Phage therapy: Synergy between bacteriophages and the immune system is essential
Institut Pasteur News Jul 28, 2017
Two teams from the Institut Pasteur, in partnership with researchers from Inserm and the Georgia Institute of Technology in the U.S., have demonstrated that in order to ensure the efficacy of phage therapy applied in vivo during bacterial infection, bacteriophages rely on the host's immune response. This synergy is largely based on the crucial action of neutrophil immune cells. The discovery provides insights into the therapeutic action of phages in the treatment of certain bacterial infections.

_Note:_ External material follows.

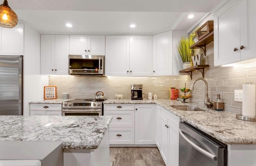 Sink into the new large sofa to watch your favorite shows on the 55" smart TV or just cozy up with your favorite book. Continue outside to your private patio oasis! Dine outdoors under the stars or privately soak up the sun with a good book and cold drink. There is a newly remodeled half bathroom downstairs. The ceiling fans, flat screen TVs, cable service and FREE WiFi will also enhance your vacation experience. The upstairs has new wood flooring and offers two generously sized bedrooms.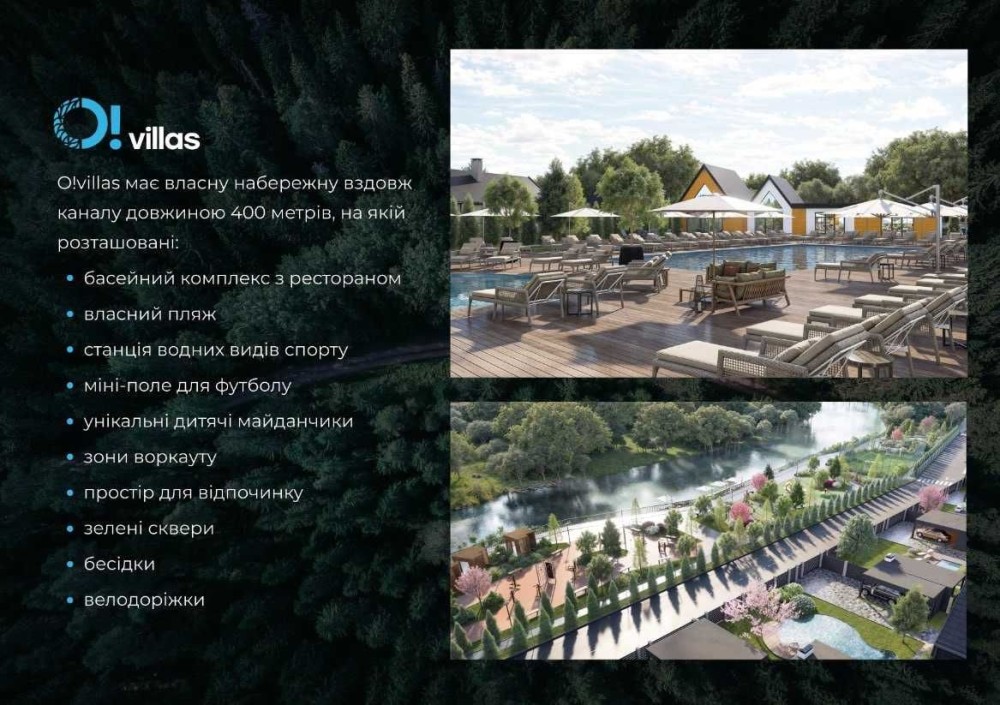 Життя на природі біля води сповнене особливою енергією! Котеджне містечко O!villas має власну набережну вздовж каналу довжиною 400 метрів, на якій розташовані: басейний комплекс з рестораном, власний пляж, станція водних видів спорту, міні-поле для футболу, унікальні дитячі майданчики, зони воркауту, простір для відпочинку, зелені сквери, бесідки, велодоріжки.

The findings were published in the journal Cell Host & Microbe on July 12, 2017.
Until now, there has been insufficient scientific data to understand how phage therapy works in vivo. While most in vitro studies have proven that phages specifically target and kill bacteria, none of these studies took account of the importance of the host's response to this activity.
Two Institut Pasteur teams (Laurent Debarbieux's Bacteriophage–Bacteria Interactions in Animals Group and the Innate Immunity Unit led by James di Santo (Inserm U1223)) in partnership with Joshua Weitz's team at the Georgia Institute of Technology (Atlanta, U.S.), recently showed the importance of patients' immune status in terms of the chances of phage therapy success. This finding is the result of an original dual approach combining an animal model and mathematical modeling.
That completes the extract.